In her Wall Street Journal essay on “Dunkirk,” Dorothy Rabinowitz chastised Nolan for minimizing Churchill’s role in turning the debacle of Dunkirk into a rousing call to arms. The British and the French were trounced, but an armada of English pleasure boats and fishing vessels crossed the Channel and plucked around 340,000 men off the beach. Many lives were saved; maybe England itself.

But to my mind, Nolan’s most egregious error was to white-out the Germans. I am not a German bitter-ender. I am, though, a German never-forgetter. In my several visits to Germany I have written in admiration of that country’s strenuous efforts to face its past and make amends. In that regard, it has done better than France, whose complicity in the roundup and murder of its Jews was only tardily acknowledg­ed. America, too, has been reluctant to come to terms with the horrors of slavery.
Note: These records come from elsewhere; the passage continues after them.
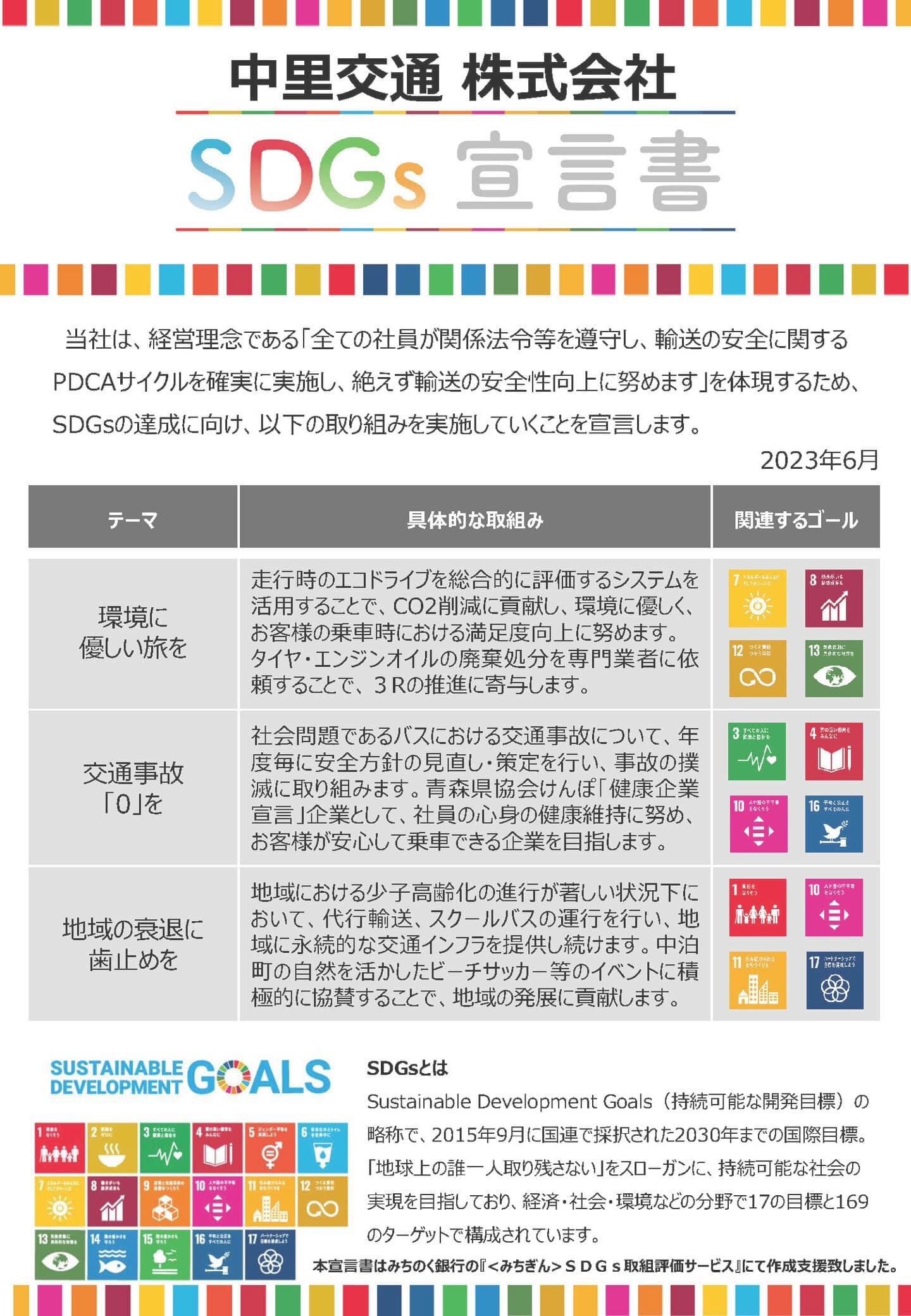 お知らせ 2023/3/30 ホームページリニューアルしました コロナ対策について ●乗務員や受付係員のマスク着用・体調管理 乗務員や受付係員は基本的にマスクを着用し、乗車前や乗車後、休憩時には手洗い・うがいを徹底しています。乗務員の点呼時に体温測定も行われます。 ●車内清掃・換気 車内は運行終了後、アルコール消毒液を使い、手すりや座席、乗客が触れる場所は重点的に除菌清掃されています。 空気清浄を目的とした空間除菌装置搭載車両で運行しております。 中里交通株式会社 代表取締役 葛西 和彦 2023/6 SDGs宣言のお知らせ
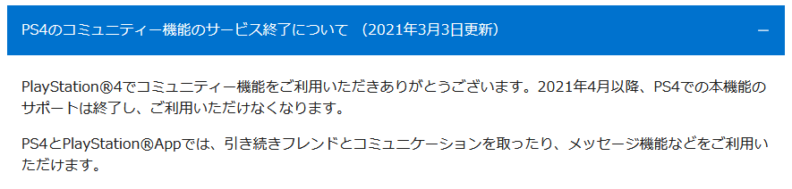 コミュニティはPS5には存在しない機能だし旧世代が切り捨てられるのは当然
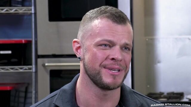 Someone' has reported the bareback bakery to the Health Department, and Wade Wolfgar has to come down to work for a surprise spot check by hard-ass inspector Cain Marko. The hunky bearded daddy rattles off a list of infractions as he grills Wade for answers, then offers to go soft on him if Wade will go hard in return. Wade gives in and gives Cain what he wants: a thick fat uncut cock pummeling his muscular manhole bareback after a thorough throat stretching face fuck. The blond beefcake gets bent over a butcher block for some quality ass eating then the chef's sturdy rolling pin of a monster dick drills the inspector's guts. The pile driving continues till Wade blasts a load, passing inspection with flying cum -- and colors...or so he thinks.
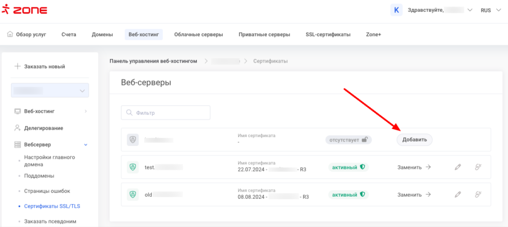 Заказать сертификат Let’s Encrypt возможно в административной панели Мой Zone под меню Веб-хостинг -> Вебсервер -> Сертификаты SSL/TLS. Около соответствующего домена нажмите Добавить
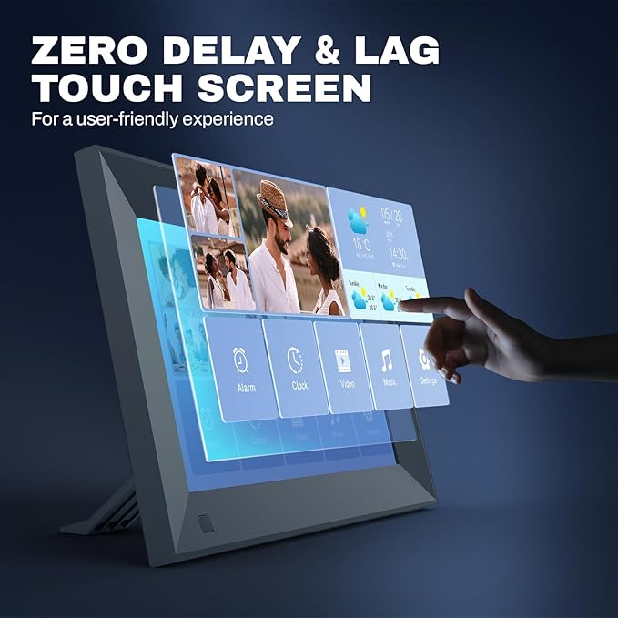 - Amazing Multi-functionality: ① The photo frame is equipped with a touch screenl for easier operation, perfect for the non-tech savvy and the elderly. ② Captions are displayed at the bottom of the photos. You can record the story of what happened at that time for each photo. ③ Other functions such as background music,sleep mode, image zoom, adjustable brightness, slideshow mode, playback order adjustment, etc.
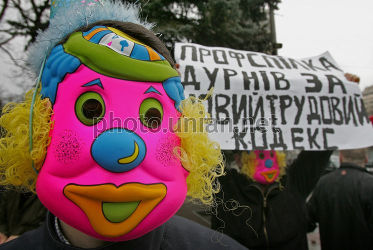 Участник театрализованной акции протеста «Профсоюз дураков» в маске клоуна во время митинга против нового „Трудового кодекса” возле здания Верховной Рады Украины, в Киеве, в четверг, 1 апреля 2010 г. Участники акции, изображающие «дураков», вышли на митинг для атаки народных депутатов с требованием увеличить рабочий день работников до 12 часов, повысить пенсионный возраст и т.д. Таким образом участники акции выразили протест против нового „Трудового кодекса”, который ограничивает права трудящихся. Фото Александра Синицы / УНИАН
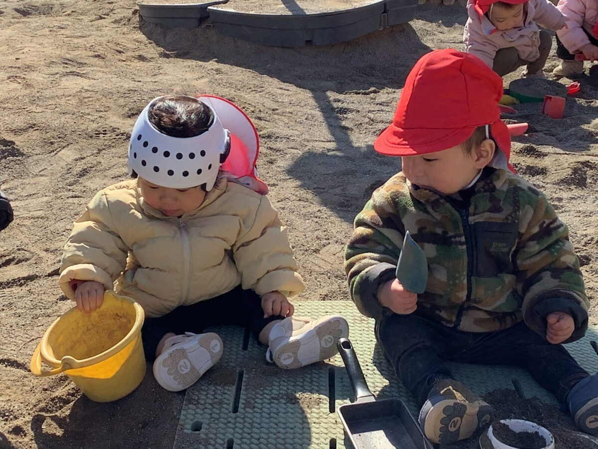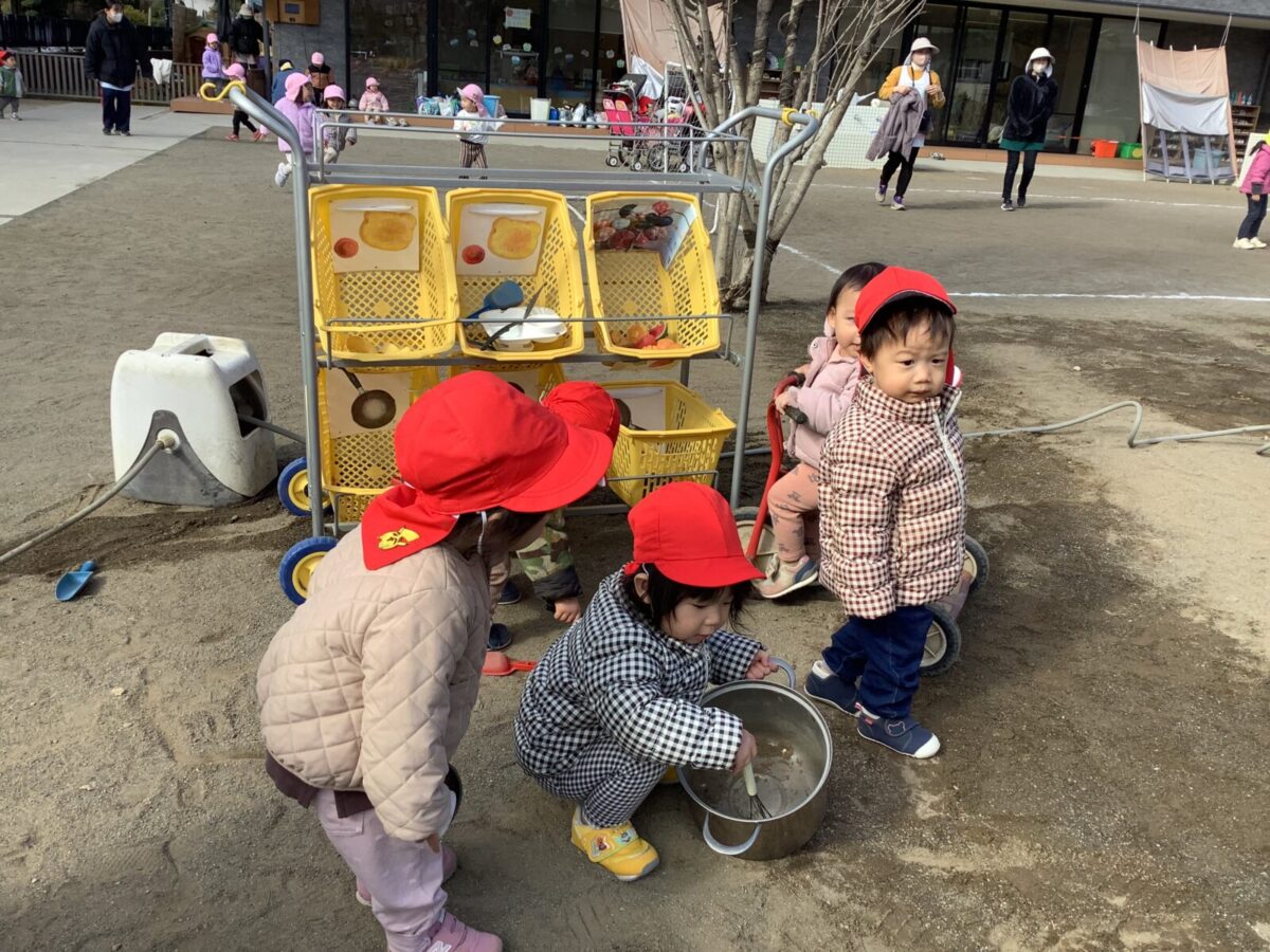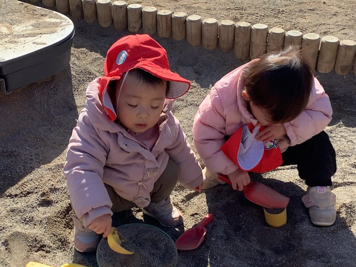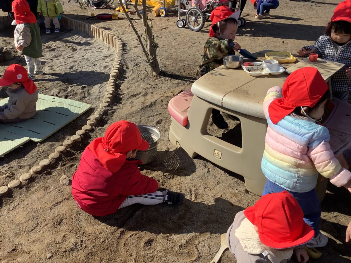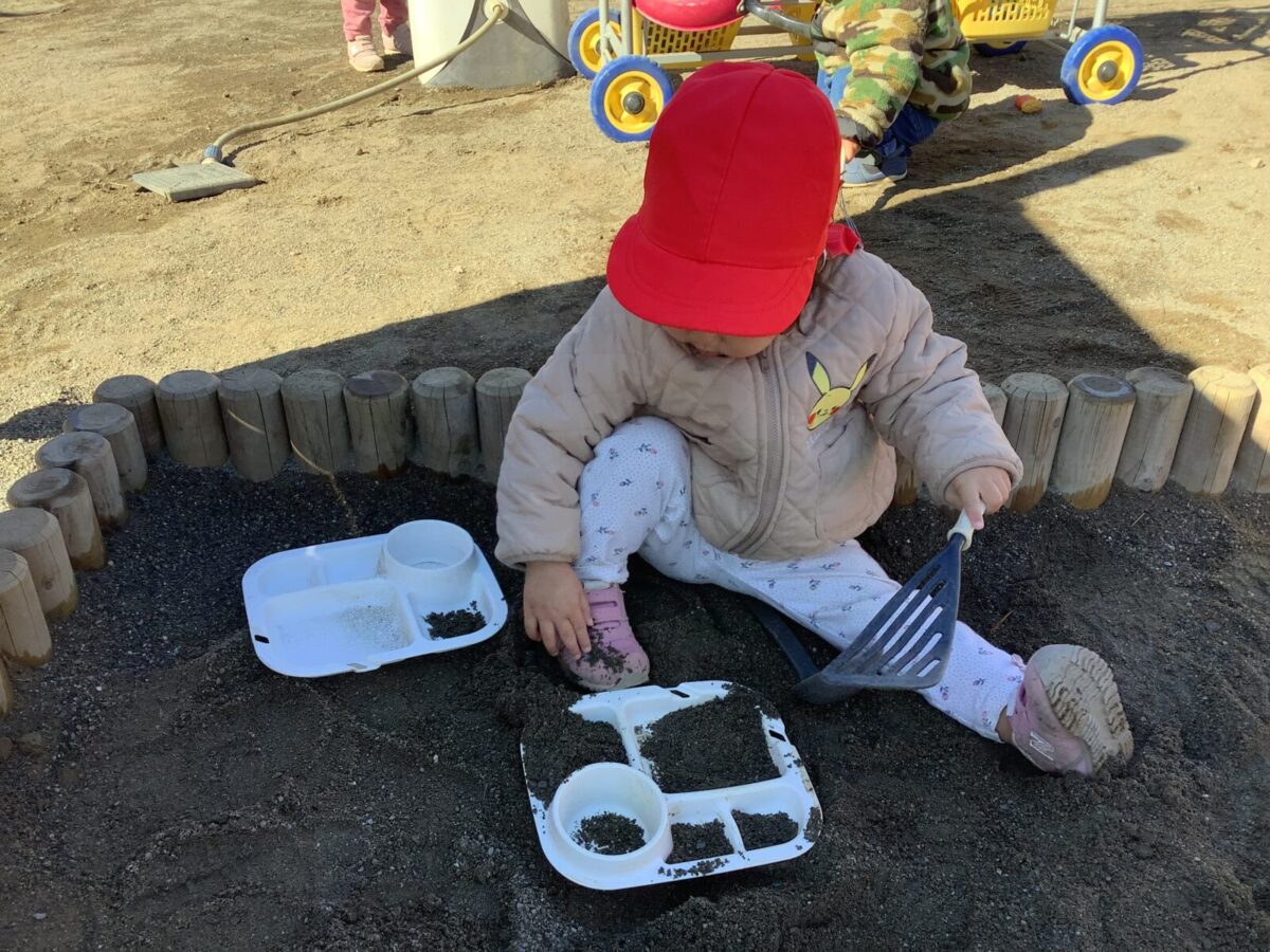 寒さが厳しい2月ですが、子どもたちはおやつを食べると帽子や上着を手にして外へ行こうと意欲満々!毎日、三輪車や押し車、砂遊びや滑り台、ブランコなど元気に好きな遊びを楽しんでいます♪

Germany’s crimes were recent and of such a scale and depravity that, unless constantly faced, they will come to seem fictitious. Germany is special because in the pre-Nazi era it was — as it has again become — a center of European culture, not just the inevitable cliches about Beethoven and Brahms, but of avant-garde cinema, gay night life, vibrant journalism, great theater and Daimlers swooshing down Berlin’s Unter den Linden. In a blink of an eye, all but the cars were gone. Germany went mad.

Nolan had an obligation to suggest this context — and film reviewers had an obligation to note his reluctance. But not a single reviewer I’ve read faulted Nolan for removing Dunkirk from its context, or his insistence that ignorance is a cinematic virtue and that politics — which in this case was about who shall live and who shall die — would only muddy things up. This is especially the case in the age of Trump when it is necessary to appreciate that the ugliness he has exploited could escape its confines and metastasiz­e. Contrary to Nolan’s insistence, the politics of Dunkirk remains not only relevant, but urgent. Ignore it, and it will take you by the throat.

No British soldier called the men shooting at him “the enemy.” I checked with Michael Korda, author of a forthcomin­g book on Dunkirk (“Alone: Britain, Churchill, and Dunkirk: Defeat Into Victory”). The British called the Germans “Jerries.” They were real, upfront killers and included units of the SS who, at Dunkirk, murdered at least 80 British prisoners. These Germans fought in the cause of a huge evil and, because they lost, I write today. “The enemy”? It was then Germany. It is now ignorance.